Алина предсказуемо покачала головой.
- Но нынче я не заразен, меня заверили и даже готовы выдать медицинское освидетельствование в подтверждение этому, - продолжал он.
- То есть, я могла тебя потерять, - она остановилась у столика в виде белой дорической колонны, на котором стоял горшок с китайским розаном, усыпанным пламенеющими цветами, рассеянно сорвала один из них, повертела в руках. – И никогда бы о том не узнала… Вот уж истинно Пенелопа.

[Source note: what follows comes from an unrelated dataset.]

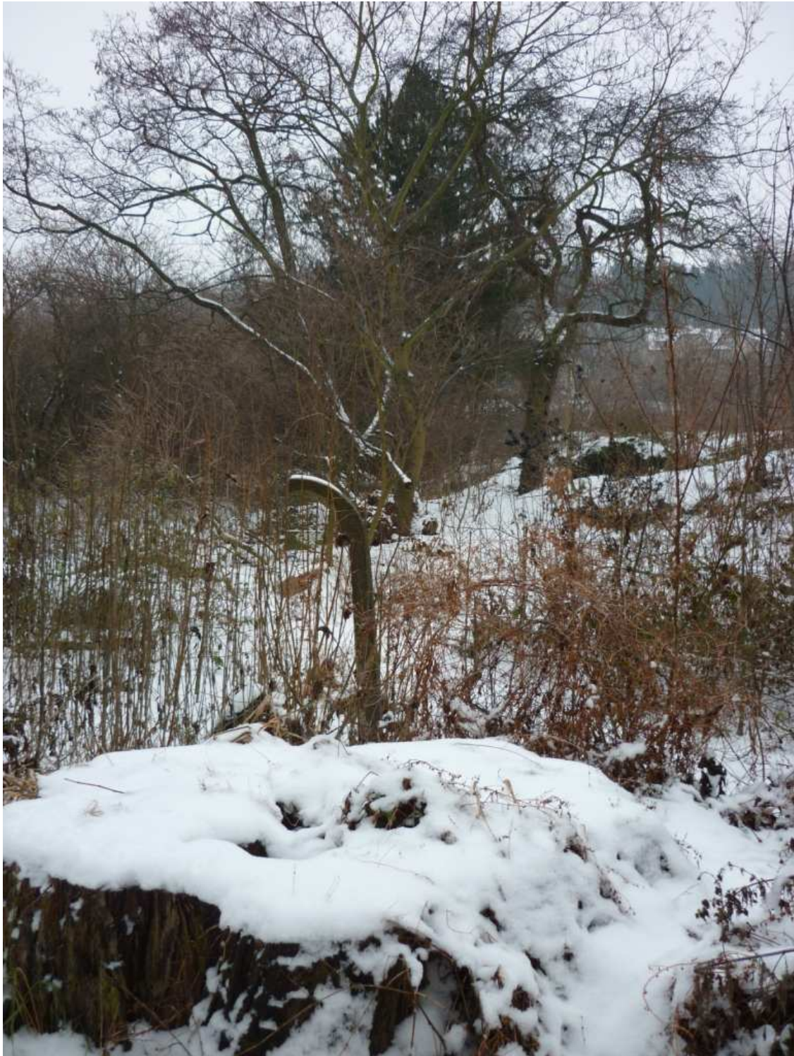
Nedotčený stav po proudu potoka v oblasti pokácených vrb 15.12

Александр не готов был услышать эти слова, хоть и предполагал, что нечто подобное будет произнесено.
- Я тоже мог тебя потерять, - повторил он, не вставая с места, а лишь снова застегнувшись на все пуговицы, хотя духота, которая уже начала нехорошо отзываться в его груди, горле, не давала ему это сделать. – Приезжаю – ты замужем, за каким-то… очередным Безобразовым, Дурново или как там его – экие говорящие фамилии, право. А муж, как водится, страшно ревнив или, что хуже, снисходителен, набивается в друзья, по плечу эдак похлопывает – проходите, садитесь, хотите ли хереса, ну и погоды нынче стоят… Ну ты знаешь, как оно бывает.
- Или же я в гробу и сама мертва, - спокойно перебила его Алина.
Слова ее были совсем спокойными, резко контрастирующими с его ернической болтовней. Александр недоуменно воззрился на нее. Разве у его возлюбленной есть основания так говорить? Неужто больна? Но он бы заметил сразу, всенепременно.
- Все к тому и идет, - продолжила она без выражения.
- Но ведь…
- Мне исполнилось двадцать пять, Саша, - попросту сказала она. – Моя мать предпочтет видеть меня мертвой, нежели замужем за кем-либо…
- А отец? – отчего-то выдавил Саша.
- И отец тоже, - пожала плечами девушка. – Я тебе тогда сказала, что все безнадежно.
- Иди в монастырь, или замуж за дурака, - вспомнил он нечаянно Шекспира.
- В монастырях, как и в дураках, оказался большой недостаток, - вторила Алина. – Сходи к мадам Смирновой, как будешь в Петербурге, она тебе перескажет всенепременно всю историю подбора дураков под меня.
- Я никогда не буду в Петербурге, и тебе то известно, - сказал князь.
- Ты прямо как матушка и как тетя Зинаида, - усмехнулась Алина.
Гнев ударил ему в голову от этого случайного сравнения. Враждебные образы предстали перед его глазами.
- Так ты говоришь, что эта…, - он вовремя подавил бранное слово, уже готовившее слететь с губ. – Что мать твоя здесь? Так я с ней поговорю всенепременно…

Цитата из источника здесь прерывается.